In her letter to the Governor, Mehbooba had claimed the support of 56 legislators in the 87-member assembly. The PDP had 28 members in the assembly, the NC (15), and the Congress (12). The bloc also had the support of an independent lawmaker.

However, Malik later claimed that he had not received the communication via facsimile from Mehbooba, as it was a holiday.

Asked if he was disappointed with the responses of his party’s old allies such as the Congress to the abrogation of Article 370, Abdullah said that there should have been at least a token resistance because the state’s special status was the legacy of Pandit Jawaharlal Nehru.

“I understand that you don’t want to oppose the revocation, but at least own it. But more than the revocation of 370, I think the thing that disappointed me more was the silence at J&K being humiliated the way it was converted into a union territory (UT). In all the years since independence, this was the first time a state has been downgraded. Otherwise, UTs have always been upgraded to states,” he said.

Abdullah expressed disappointment with Delhi CM Arvind Kejriwal and the Telugu Desam Party (TDP) for not opposing the move to convert J&K into a UT.

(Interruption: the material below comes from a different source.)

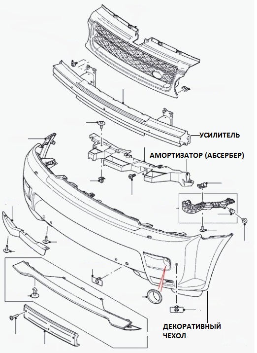 La couverture décorative peut se plier, elle ne résiste qu'aux chocs légers. Derrière, il y a un amortisseur (absorbeur). Cette pièce est en plastique et est conçue pour absorber l'énergie des dommages mineurs. Derrière l'amortisseur se trouve une armature rigide, souvent appelée amplificateur. Sa fixation est réalisée sur les guides du cadre, la pièce a une fiabilité considérable. Ces supports peuvent être des dispositifs hydrauliques complexes ou de simples structures métalliques conçues pour absorber les chocs.

“My father left his own election to campaign for N. Chandrababu Naidu, and he was one of the first people to jump straight off with the BJP and say, we support you on everything. These are betrayals that I will not forget easily,” he said.

The former CM said the general population in Kashmir is angry about what happened on August 5 but didn’t react the way they did in 2008, 2010, and 2016 because there was a far larger presence of security forces this time.

“Militancy is something you can control. What you can’t do is force the people to feel more Indian than they feel. You can’t force a sense of isolation, bitterness, anger, or a sense of separatism, out of people. And I dare say that in spite of the BJP and their voices in the media patting themselves on the back that the events of August 5 will end separatist sentiment in J&K, I think it will have no such impact. If anything, those who are sitting on the fence are probably feeling more isolated and more separatist than they were before August 5, 2019,” he said.

Abdullah also claimed that after 2014 there has been no engagement with the people of J&K.

The NC leader reiterated that he is unlikely to participate in any electoral politics in J&K till it is a UT.

“My party won’t boycott elections. I’m talking purely about myself. I don’t see myself as a member of the assembly of the UT of J&K. I’ve been CM of one of the most empowered assemblies of this country. I’m not going to be CM of a UT, where, perhaps, I can’t even decide which peon I want to work in my office. That’s not for me,” he said.

Asked about personal regrets in his political career, Abdullah said there were two major incidents, which he wished had been handled differently when he was the J&K CM. He recounted the allegation of rape and murder of two women in Shopian in 2009 and the 2010 summer of discontentment in which over a hundred people had died.

“That continues to haunt me and always will. Besides, my failure was in not being able to convince the Indian government that hanging Afzal Guru is not going to win them any votes in the general election and, in fact, would push J&K back to the fringes. I wasn’t able to convince them, and that is something I will always regret,” he said.

The book features 20 prominent young politicians from different political parties such as Rahul Gandhi, Priyanka Gandhi-Vadra, Jyotiraditya Scindia, Sachin Pilot, Smriti Irani, Akhilesh Yadav, Asaduddin Owaisi, Aaditya Thackeray, Devendra Fadnavis, Milind Deora, Varun Gandhi, Supriya Sule, and Rajyavardhan Rathore.